All eleven of us were suitably intrigued when the envelope turned out to be empty. But there was a room number written underneath the name, and so we all turned and looked down the hall just in time to see someone sprint away, top speed, and disappear around the corner. I suppose it's understandable, though. By that point the fifteen of us were kind of a force to be reckoned with.

We tracked him down a few minutes later, and he and I went through a rough reenactment of our earlier conversation. Only with a surprise ending; he revealed what was going to go in the letter, had we been just a little slower following the arrows. Now, why he felt compelled to set this up at eight at night, I just couldn't tell you.

His plan, as far as I could make out, was to call some girl that I knew in high school, ask her my favorite song (which, given that it would be by either Green Day or Andrew Lloyd Webber, would have been entertaining), and then write out the lyrics and leave it for me to find.

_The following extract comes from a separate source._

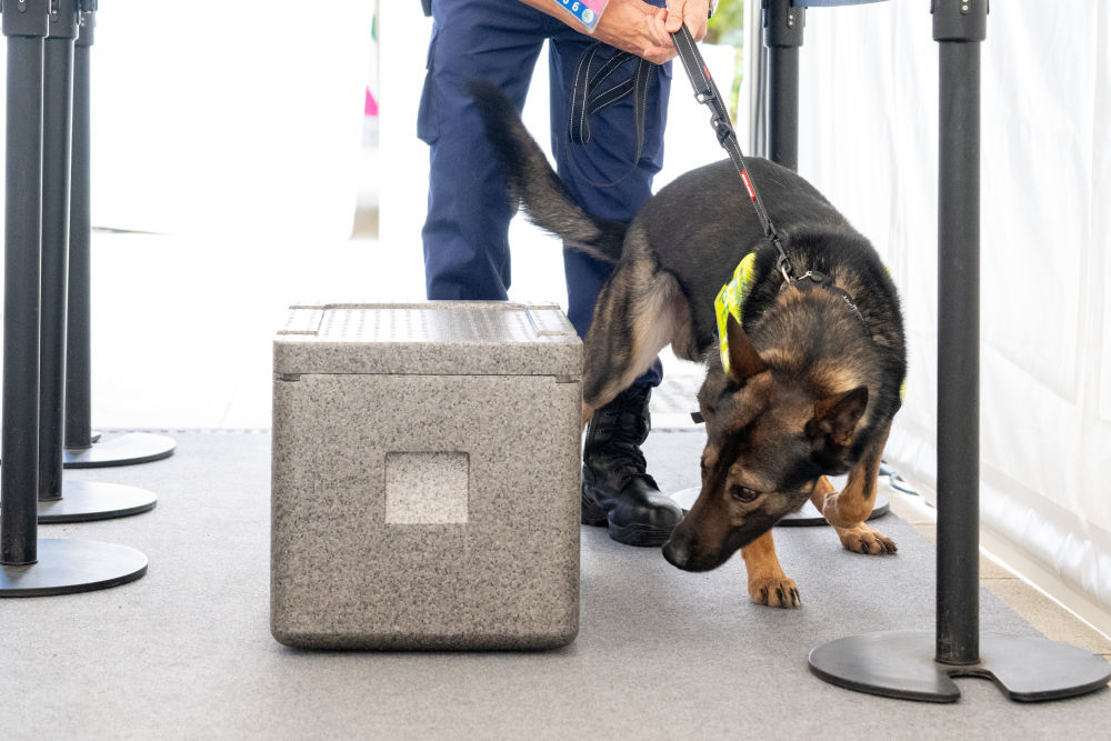 人员进出频繁、货品种类繁多,Rich必须以高度敏感的嗅觉在复杂环境中迅速识别风险。每天8小时左右的执勤,它从未懈怠。器材箱通过安检通道时,它会低头嗅闻,遇到可疑气味,它就立刻停下双眼紧盯目标,并向林警官作出示警。

BUT HE DIDN'T FINISH. How humiliating! An 8 PM stalker who runs out of time, and comes face to face with not only the stalk-ee, but with half of Bishop House as well.

It was the second day, and, really... what the hell? There is just no way of expressing the confusion I felt.

Alright, well, it's time for calculus class, and then I'm off to mainline some school spirit with my fellow UofCers. Apparently a certain special E2er wants to do a little vicarious living (something, I suspect, along the lines of "Whoa. Your entire room is smaller than the trashcan I keep my cleaning supplies in"), so I'll probably post a few more random stories. Just as soon as I finish that essay.

The funniest thing of all? Despite the nearly school-wide superiority complex, the really remarkably cold weather (and my roommate's air conditioning is ALWAYS ON), and the way the ivy keeps coming unglued and falling on people, I am completely and utterly in love with this place.

Besides, Chicago has some kick-ass pizza.